Last night, I had a truly awful night. I was upset, full of self-hating, and generally felt like I was completely empty inside and my life was a waste. I called myself a “fat sack of crap.” In fact, I called myself that twice. Aloud. I cried a lot, and felt like I’d rather be dead than go on with my miserable and useless life.
This morning, I thought about how truly empty and awful I had felt, and then I thought about the fact that I had no desire to fill that emptiness with food. I thought fleetingly about eating something to make me feel better, but that thought was extinguished immediately with the answer, it won’t change anything or make you feel any better. This wasn’t me talking myself out of eating. It was knowing the truth on a much deeper level than I’ve ever known it before. It simply was something I now embraced completely. Food wasn’t going to help. It wasn’t even the first thought to turn to food in my pain.
After I had this experience, I felt better because I knew some sort of change in mindset in regards to food had fallen into place. It isn’t a change I bullied myself into or had to brainwash myself into believing. It was just there all by itself. Food seems to finally be taking its proper place in my life as something other than an answer when I’m in pain. It’s so far off the radar as a source of comfort that it didn’t even come to mind last night and was a last thought discovered only after a scan of the periphery of my comfort-seeking radar.

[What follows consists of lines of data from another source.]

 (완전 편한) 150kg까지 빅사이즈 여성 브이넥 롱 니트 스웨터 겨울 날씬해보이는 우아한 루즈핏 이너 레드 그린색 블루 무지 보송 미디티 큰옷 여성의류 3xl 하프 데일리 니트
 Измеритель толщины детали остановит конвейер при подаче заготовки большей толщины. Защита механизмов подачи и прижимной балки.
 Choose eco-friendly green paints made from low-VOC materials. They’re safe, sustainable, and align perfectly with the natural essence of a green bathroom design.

I don’t feel deeply better today. Now, I’m more in a state of numbness, but I’m really happy to not have thought that food was going to fix things for me.
2 comments:
I had some strange moments of sadness and mourning when I realized that eating wouldn't help, at all. Not physically, not psychologically, not in any way. Like losing a best friend who had always been there for me. Like my ciggies, a huge psychological loss. But I got over it (mostly), though sometimes I still miss the ciggies.

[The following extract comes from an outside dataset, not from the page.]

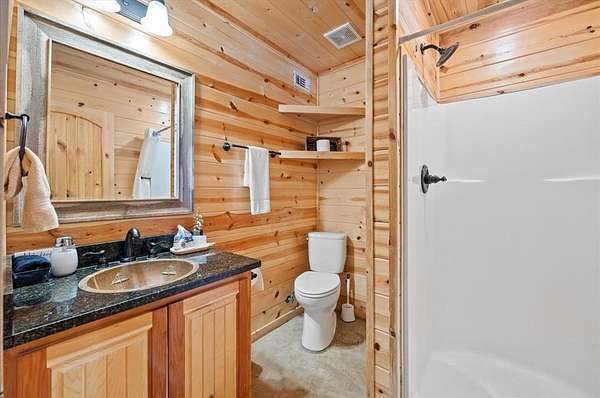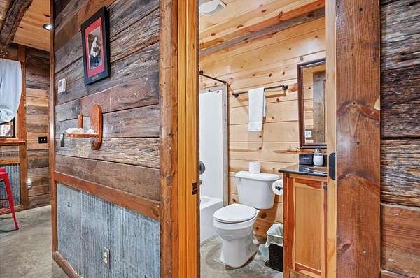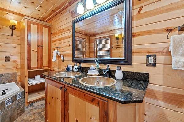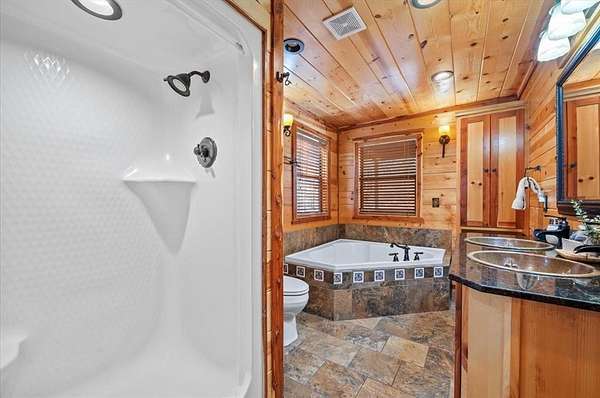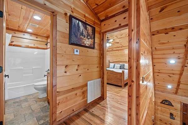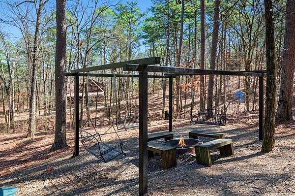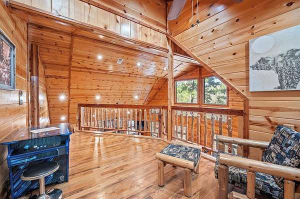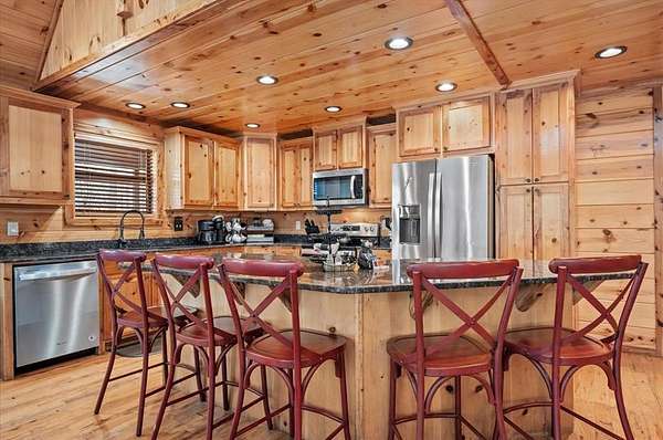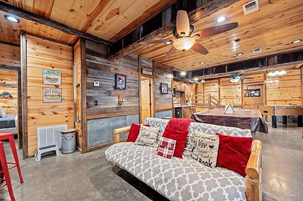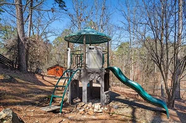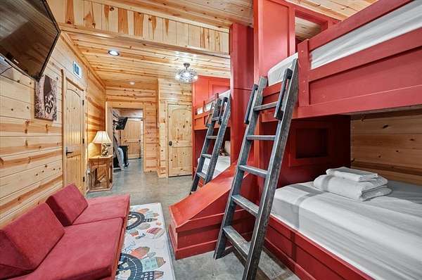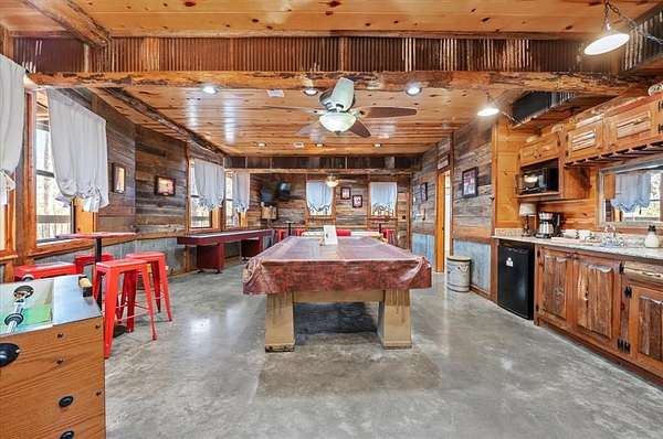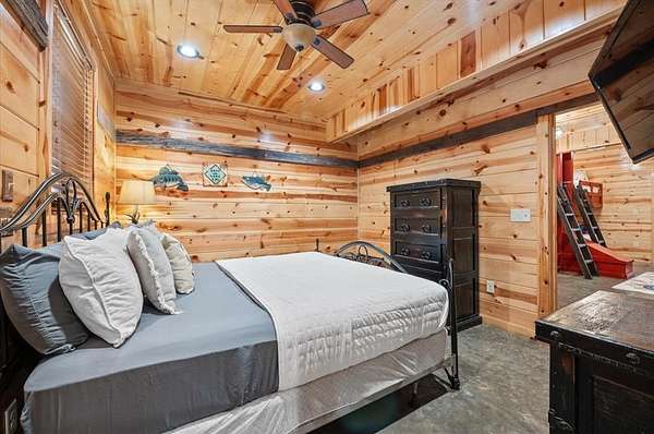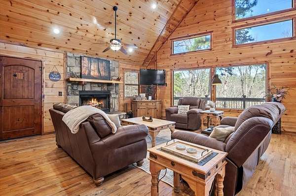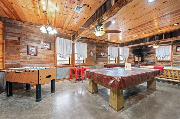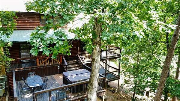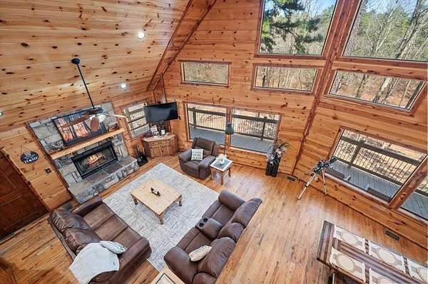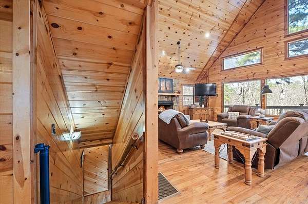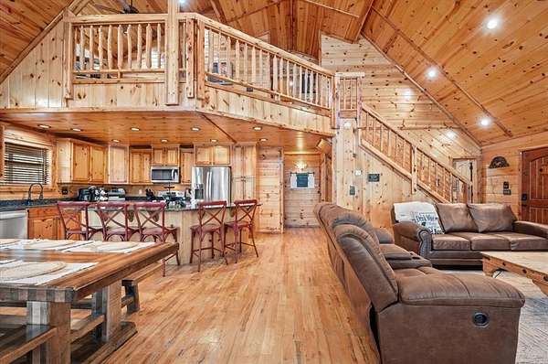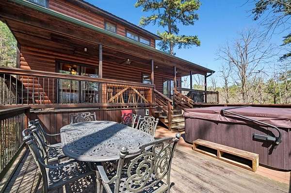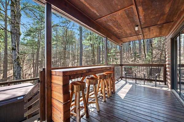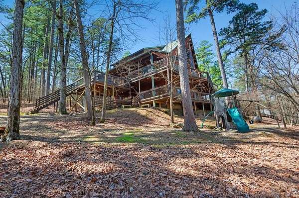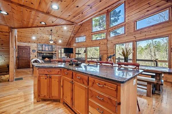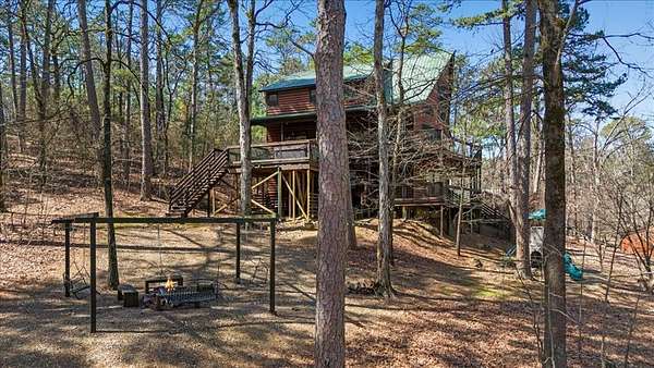 Motivated seller-bring your offer! Bear's Eye View is a beautifully updated 5-bed, 5-bath cabin located near Beavers Bend State Park, Broken Bow Lake, and the Mountain Fork River. This fully furnished retreat is packed with upgrades and turnkey for its next owner or investor. Inside, a dramatic wall of windows spanning the second to third floor fills the open living area with natural light and tranquil forest views. Guests can gather around the wood-burning fireplace or enjoy stargazing through the telescope. The kitchen features stainless steel appliances, an island with seating for five, and convenient access to the laundry area. Major 2025 improvements include three new HVAC systems, a tankless water heater, hot tub, microwave, couch, and a re-felted pool table. Over the past two years the cabin has seen extensive enhancements such as a custom bunk room, new dishwasher, asphalt driveway, two-car garage, outdoor firepit, washer and dryer, mattresses, and a dining table (negotiable). The refrigerator, additional living room furniture, and fresh deck stain were added in 2022-showing consistent attention to maintenance and quality. The main-level King suite offers a therapeutic bed, private deck access, and an ensuite with a jetted tub and walk-in shower. Upstairs, the loft provides a gaming table, queen sleeper sofa, lounge seating with treetop views, and two additional King bedrooms with a shared bath. Downstairs is an entertainer's dream game room featuring pool, shuffleboard, foosball, a TV lounge, and wet bar with mini-fridge and microwave. This level also includes another King bedroom and an incredible custom bunk room with Queen-over-Queen bunks and a built-in slide. Outdoor living shines with multi-level decks, hot tub, bar seating, grill, custom swing benches, firepit, kids' playset, and cornhole, perfect for unforgettable gatherings in the heart of Hochatown. Seller is eager to make a deal!

I'm with you on the fruit, I love the stuff, but I have to eat with nuts, or after meals, it acts just like "they" say sugar does, makes me hungrier than eating nothing.

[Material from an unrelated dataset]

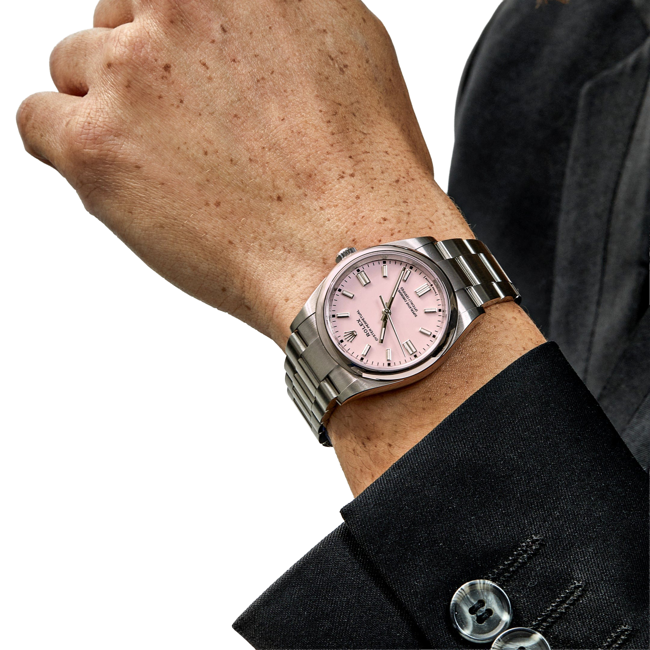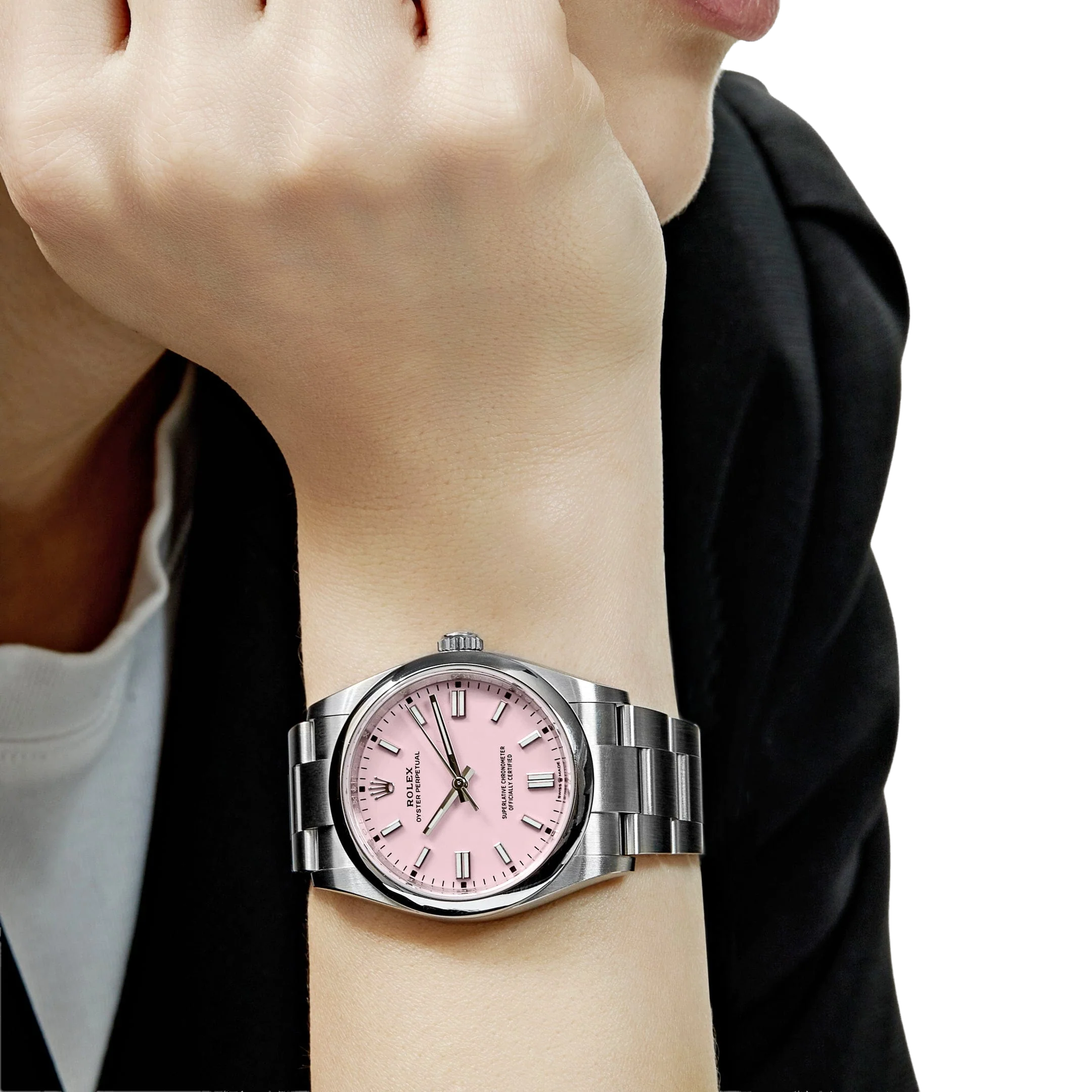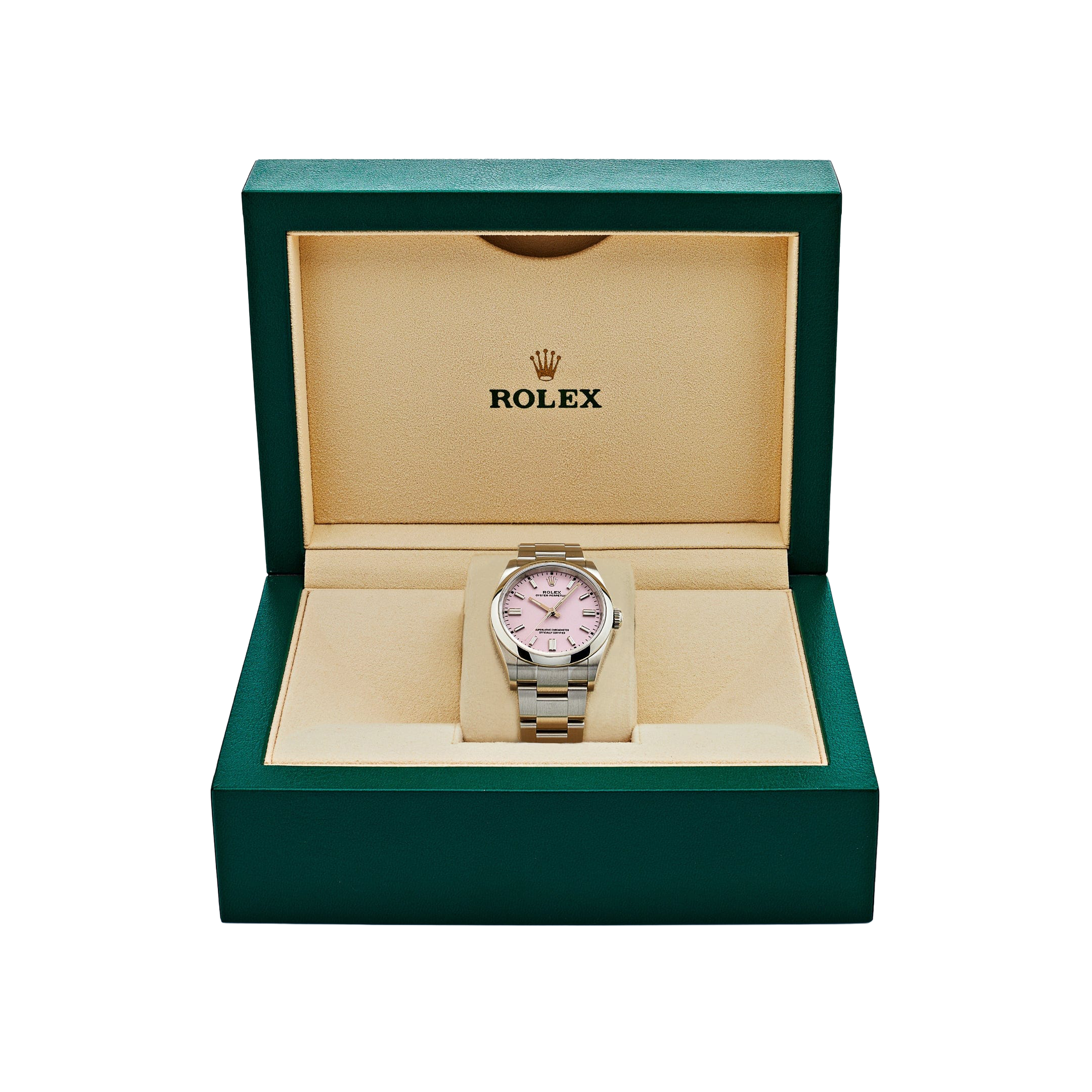 The Rolex Oyster Perpetual 41 ref. 134300-0013 Candy Pink is a perfect blend of timeless classic design and modern sophistication, highlighted by its vibrant candy pink dial. Crafted from corrosion-resistant Oystersteel, the watch is powered by the self-winding Calibre 3230 movement with approximately 70 hours of power reserve and 100-meter water resistance, ensuring exceptional durability and performance. The lacquered candy pink dial, paired with luminous hour markers and hands, creates a bold and stylish look that is equally suited for everyday wear and special occasions.

Hi, julie, and thanks for taking the time to comment. A lot of people talk about what they do to lose weight, but the psychological side is one that is neglected in favor of the lifestyle changes. I think that the emptiness you feel is something people tend to discuss only in forums devoted to talking about weight loss or weight loss support. We don't tell "outsiders" because it makes us seem weak, demented, or like what we may actually be - addicts.
It's easy to follow all of the steps to losing weight, but it's harder to shake the psychological ones. I think that they can sneak back up on us when we least expect it, and that's why it's so hard to stop smoking or overeating. You have to be mindful, and have done the hard introspection work.